The MHLW is primarily involved in administrative steps regarding orphan designation, and assessment work is performed primarily by the PMDA. The Pharmaceutical Affairs and Food Sanitation Council (PAFSC) discuss the assessment provided by the PMDA. The PAFSC makes the recommendation to the MHLW on whether to grant a designation, and the MHLW officially grants it. There is no time limit for the assessment process and it is similar to the FDA assessment process. One similarity between the Japanese and the European systems is the use of a committee of independent experts to make a recommendation for granting a designation.

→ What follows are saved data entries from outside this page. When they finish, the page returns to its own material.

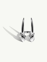 The Damian Brevis Horn Talisman Ring by Angie Marei, handcrafted in high-polished luxurious 18-karat white gold features a powerful and sensual sculptural horn design inspired by amulets and talismans worn by royal ancient Egyptians.
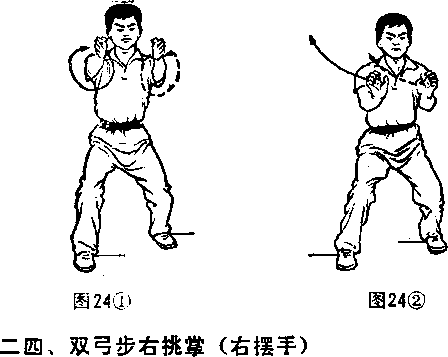 图23②二三、双弓步双插掌(双木手)此动动作及技击要领与动作—t相同。(图24①@)脚步不变,上体稍右转。与此同时/两虎掌变排指掌向 右上方挑掌。左臂平屈,停于胸前,左掌靠近右肩,掌心朝 下,掌指朝右;右臂屈肘于右肋外,右掌高与鼻平,掌心朝 上,掌指朝右。眼看右掌。(图25)
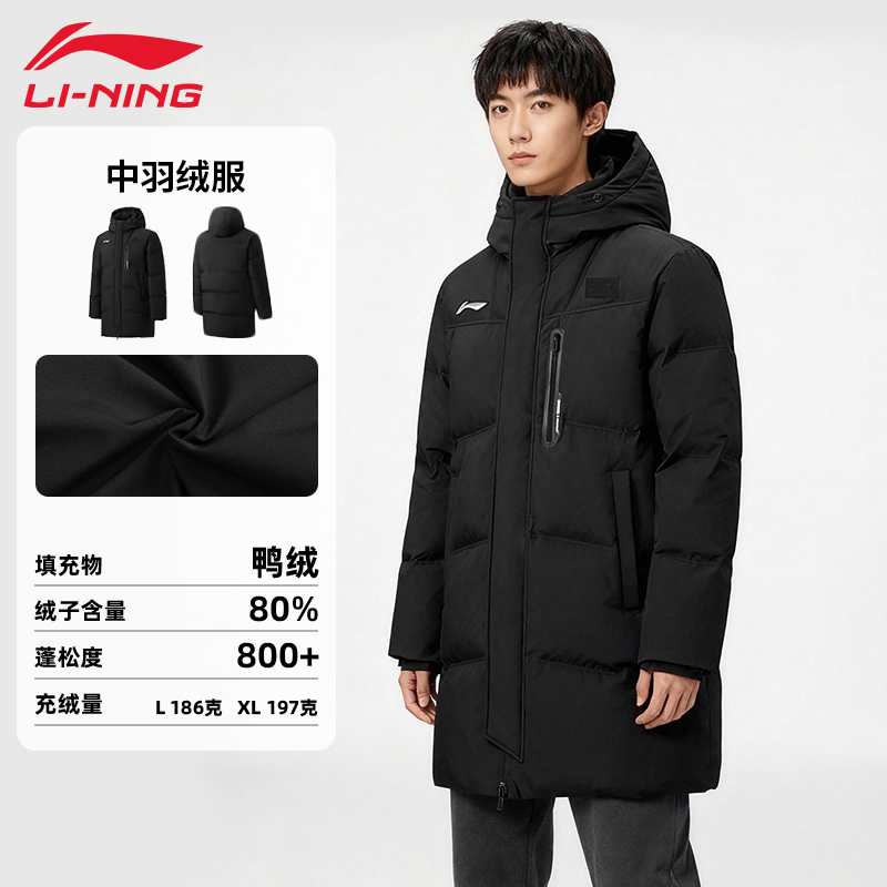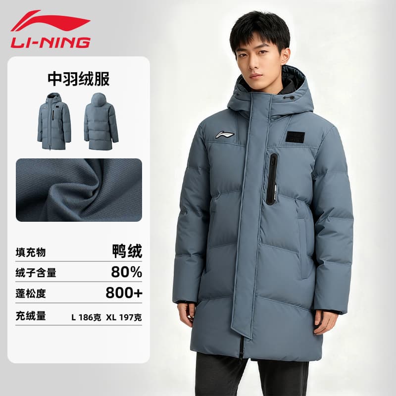 LI-NING李宁羽毛球服 羽绒服 男女款中长款 2025冬季新款 日常训练系列 保暖加厚外套 AYMV133-2 水手蓝超级宠粉日精选秒杀,原价529元,现仅需499元!

Definition of an orphan condition. The MHLW/PMDA require similar considerations to those requested by the EMA when describing the orphan condition in an application3. Applicants may consider submitting similar information used in a European submission when submitting in Japan. This will benefit post-designation considerations regarding product development and scientific advice, which is conducted by the PMDA, by providing a better understanding of how an orphan condition is defined in both Europe and Japan.

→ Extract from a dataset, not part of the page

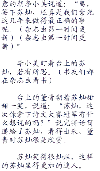 李一江一听得意地哈哈大笑道:“那是!看以后招生哪个学校敢跟我争!哈哈哈...”有苏灿在,那些年轻人还不削尖脑袋
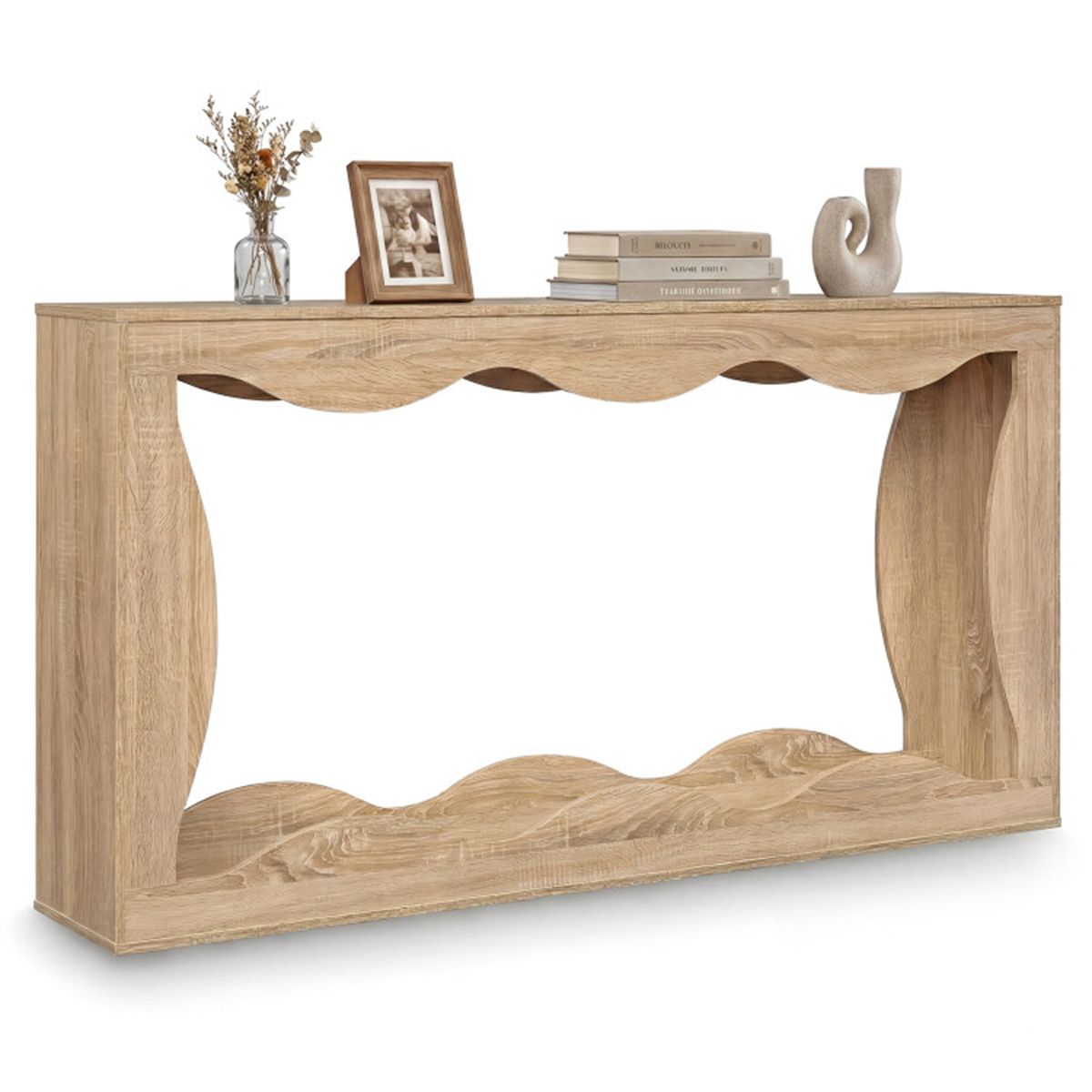 63" Narrow Console Table with Wavy Hollow Design, 2-Tier Extra Long Entryway Table with Storage Shelf - Natural 63" Narrow Console Table with Wavy Hollow Design, 2-Tier Extra Long Entryway Table with Storage Shelf - Natural 63" Narrow Console Table with Wavy Hollow Design, 2-Tier Extra Long Entryway Table with Storage Shelf - Natural

Medical plausibility. Some of the evidence of medical plausibility used in a European submission may also be used in a Japanese submission. There is a difference between the two systems concerning the level of evidence required to support the medical plausibility. In Europe, both preclinical data in a valid in vivo model and/or preliminary clinical data are accepted as the basis for supporting the hypothesis that the product holds promise for the condition. In Japan, the MHLW/PMDA require a higher level of evidence for the purpose of assessment of medical plausibility, as a sponsor should present data from clinical studies to support medical plausibility.

Prevalence. The prevalence threshold in Japan is different to the one required in Europe, and it is similar to the FDA's in that it is based on a number of patients rather than a percentage. The number of patients who may require an orphan drug should be less than 50,000 in Japan, and this calculation must be based on epidemiological data from Japan. Additionally, the sources that are acceptable to the MHLW/PMDA should be discussed with them at the consultation meeting.

The MHLW/PMDA request applicants to demonstrate that there are high medical needs satisfying one of the following criteria: there is no appropriate alternative drug or treatment, and high efficacy or safety is expected compared with existing products. So, the scientific submission section in Japan has similarities with a European submission. Such similarities in format and criteria could help to reduce the administrative burden for sponsors considering submission to the two systems.

Japan participated in the latest Joint Orphan Workshop with the FDA and the EMA, which was held in London, UK, in March 2014. These meetings allowed sponsors to discuss regulatory considerations in Japan and Europe as well as incentive programmes, with the hope that this will help to create greater efficiencies in post-designation product development and marketing authorisation submissions. The EMA has had discussions with the PMDA regarding similarities and differences in the scientific advice process regarding products that have obtained an orphan designation.

Conclusion

Many countries have introduced a combination of regulations and policies for orphan drugs in the last two decades. Through parallel submissions and greater transparency of incentive programmes, having early and frequent interactions with regulators, it is hoped that a more global approach to the development of orphan medicines can be fostered, ultimately leading to greater benefits for patients with rare diseases.